Algorithms for computing the metric

In 1985 Day gave an algorithm based on perfect hashing that computes this distance that has only a linear complexity in the number of nodes in the trees. A randomized algorithm that uses hash tables that are not necessarily perfect has been shown to approximate the Robinson-Foulds distance with a bounded error in sublinear time.

Specific applications

In phylogenetics, the metric is often used to compute a distance between two trees. The treedist program in the PHYLIP suite offers this function, as does the RAxML_standard package, the DendroPy Python library (under the name "symmetric difference metric"), and R package phangorn (treedist function). For comparing groups of trees, the fastest implementations include HashRF and MrsRF.

The Robinson–Foulds metric has also been used in quantitative comparative linguistics to compute distances between trees that represent how languages are related to each other.

Shortcomings

The RF metric suffers a number of shortcomings:[2]

Relative to other metrics, it is imprecise; it can take two fewer distinct values than there are taxa in a tree.[2]

It is rapidly saturated; very similar trees can be allocated the maximum distance value.[2]

Its value can be counterintuitive.

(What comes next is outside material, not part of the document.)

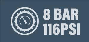 - Compact Design: provides 8bar pressure in a handy space-saving format
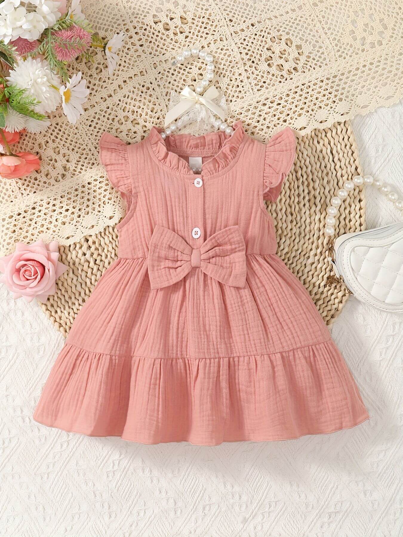 فستان منتفخ بأكمام قصيرة من القطن مزين بكشكشة للفتيات الصغيرات مع فيونكة

One example is that moving a tip and its neighbour to a particular point on a tree generates a _lower_ difference value than if just one of the two tips were moved to the same place.[2]

Its range of values can depend on tree shape: trees that contain many uneven partitions will command relatively lower distances, on average, than trees with many even partitions.[2]

The first two of these issues can be addressed by using less conservative metrics such as the "Generalized RF distance" or the Matching Splits / Matching Clades measures, which aim to reward similar (but not quite identical) groupings shared between two trees -- the unadulterated Robinson Foulds distance doesn't care how similar two groupings are, if they aren't identical, they are thrown out with the bathwater.[3]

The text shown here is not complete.